There is no way I’ll be able to finish this post without feeling incredibly emotional.
I spent the first few weeks of this year feeling the blues. Then after one good day on February 11th I realised that things could actually get better. The next 9 months that followed were pretty up and down. They included ending my previous blog, starting a new blog from scratch, bad dates, new friends, being inspired, missing old friends, trying to figure out what I want to do with my life, struggling and coping.
In the summer I cut my hair down to less than 2 inches which was a very big deal for me because I did it for myself. I wanted to do it and I did and strangely there was no worry or fear about how I’d look.
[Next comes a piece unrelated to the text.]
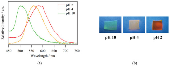 A transparent yellow film was obtained by soaking Na-form Nafion in an acetonitrile solution of compound 1 while ion exchange was enhanced by protons coming from nitric acid. The emission color of 1@Nafion was in close agreement with that of the solution, and the film showed maximum emission wavelengths at 587, 560, and 503 nm at pH 2, 4, and 10, respectively (Figure 4). The emission color change was reversible; the film emitted a greenish light when the as-prepared film was exposed to ammonia vapor and a reddish light after exposing it to nitric acid solution, which was similar to the photographs in Figure 4b. Accordingly, a tunable multicolor-emitting transparent film has been successfully developed. A related reported case is the application of [RuII(bpy)2(dhphen)]@Nafion (bpy = 2,2’-bipyridine, dhphen = 4,7-dihydroxy-1,10-phenanthroline) as a pH sensor [27,28]. The deprotonated dhphen2− works as a π-donor to stabilize the CT-excited state of [RuII(bpy)2(dhphen)], causing a significant red shift of the emission peaks (from 650 to 735 nm) and substantial intensity drop with increasing pH [29]. The [RuII(bpy)2(dhphen)]@Nafion film can serve as a pH sensor over a wide range of pH, from 1 to 8, by monitoring the emission intensity at each change in pH. Regarding the present 1@Nafion, it can be considered to have an advantage in working as a pH sensor which can be recognized with the naked eye, since its emission wavelength varies widely within the visible spectrum in response to a wide range of pH changes.

Once November rolled around everything slowly began to fall into place. It wasn’t that things changed physically, it was more mental maybe even spiritual. In November I began to understand myself. After a long time I was finally able to conclude why everything in my life was as it had been.
One of the biggest things I’ve realized this year is that I am in control. For a long time I’ve felt as though there is nothing I can do, like I’m on a roller coaster and all I can do is just sit back and hold on till it’s over. It’s like I’d suddenly realised that the controls were right next to me. Or lets use the analogy of being trapped in a prison and then realising ‘Oh, I have the key, I can actually escape this!’.
Something else I figured out is that I had become extremely comfortable in my old habits. These were negative habits from early childhood that had become part of my daily life. I don’t really like to use labels but what I will say is that my habits developed into symptoms of mental illness.
In the past 12 months through writing and reflection I’ve gotten to the root of my issues. I haven’t completely solved them all because it doesn’t work like that but I understand myself and they way my mind works so much better. By sorting out one major issue in my life it kind of had a domino effect. Every aspect of my life has improved.
The first 6 months of 2015 I was blogging on snippets of this life and I was doing really well but I decided I wanted a new challenge. So 6 months ago I started this blog. It was at a time that I was transforming as a person and I wanted to create a blog for the person that I was becoming.
In the post I did last year that you can find here, I wrote that I was becoming more me which I actually think better sums up 2015.
Something else I’ve learnt is to break the cycle and know that whatever my circumstances, my life won’t change if I don’t take action.
I’m a work in progress and each day I strive to overcome the things that have limited me, each day I strive to be better.